John 20:6 (ISJG) Simon Peter, therefore, also comes, following him, and went into the tomb and beholds the linen bands lying, and the cloth, which was upon his head, not lying together with the linen bands but apart, having been folded up, in a place by itself.

Those who think of Peter’s feeling of guilt as slowing up his speed in running to the tomb must make him forget this when he now arrives at the tomb, for he steps right in. The same sight greets his eyes: τὸ ὀθόνια κείμενα, which John repeats, reversing participle and noun. This is the astounding phenomenon: “the linen bands lying.” Nothing whatever had been done with them, they were merely lying. We are not to imagine that they had been unwound from the body as was done with the grave bands of Lazarus when he came to life. Neither had they been cut or stripped off in some other way. They lay just as they had been wound about the limbs and the body, only the body was no longer in them, and thus the wrappings lay flat. All the aromatic spices were exactly as they had been strewn between the layers of linen, and these layers, one wound over the other, were numerous, so that all those spices could be held between them.

For his own glance from the door John writes βλέπει, “he sees”; for Peter standing inside close beside the casket-like place in which the linen bands lay John writes θεωρεῖ, “he beholds,” “he views.” Peter stood there, looking and looking at those bands.

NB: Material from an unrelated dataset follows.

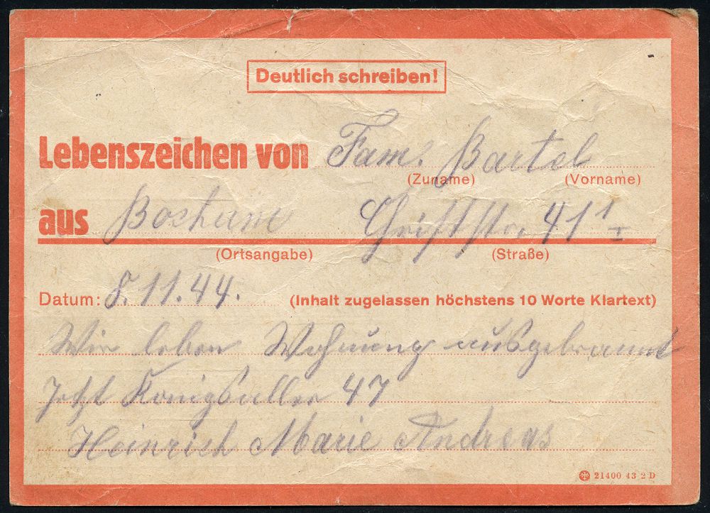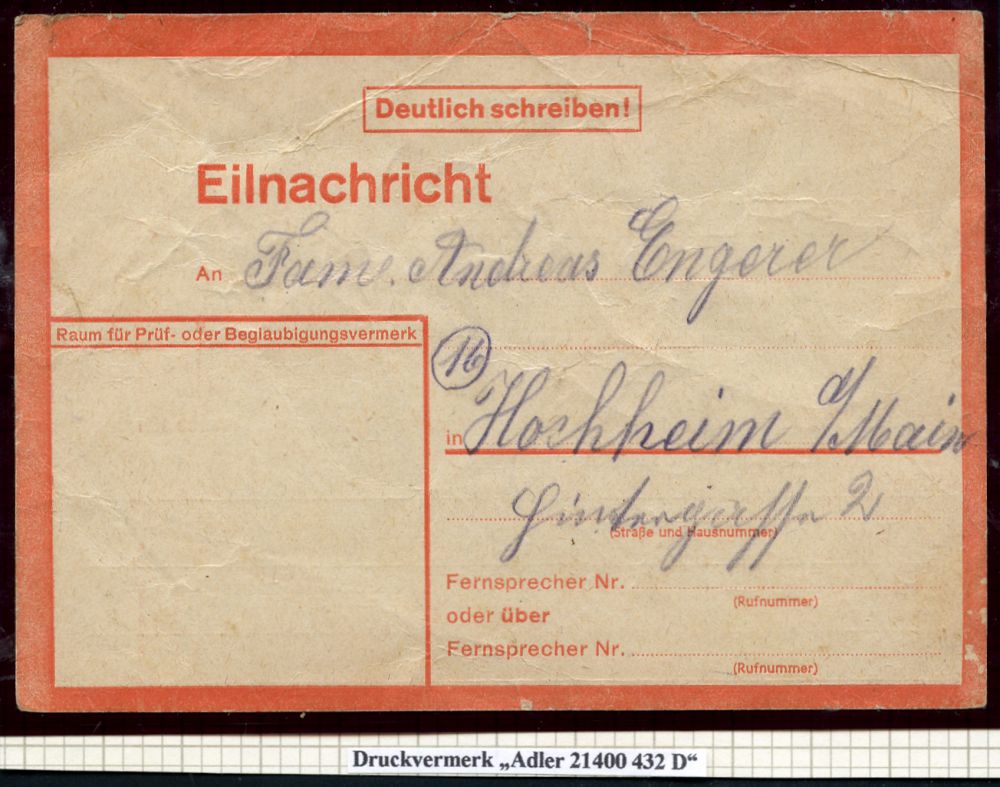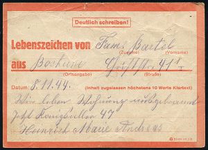 | 3009 | 30 € | LUFT- & BOMBENKRIEG / KINDER-EVAKUIERUNG (KLV) / FLAK-EINHEITEN (1939-45) : Bochum 1944 (8.11.) rote Eil-Nachrichtenkarte mit Druckvermerk: 21400 432 D (Beförd.-Spuren) n. Hochheim/Main = Angriff von 176 RAF-Bombern auf Bochum am 4./5.11 (ME-Nr.2) | | |

No human being wrapped round and round with bands like this could possibly slip out of them without greatly disturbing them. They would have to be unwound, or cut through, or cut and stripped off. They would thus, if removed, lie strewn around in disorder or heaped in a pile, or folded up in some way. If the body had been desecrated in the tomb by hostile hands, this kind of evidence would appear. But hostile hands would have carried off the body as it was, wrappings and all, to get it away as soon as possible and to abuse it later and elsewhere. But here the linen bands were. Both their presence and their undisturbed condition spoke volumes. Here, indeed, was a sign to behold. It corroborated what the women had told Peter and John on the way out to the tomb: Jesus was risen from the dead!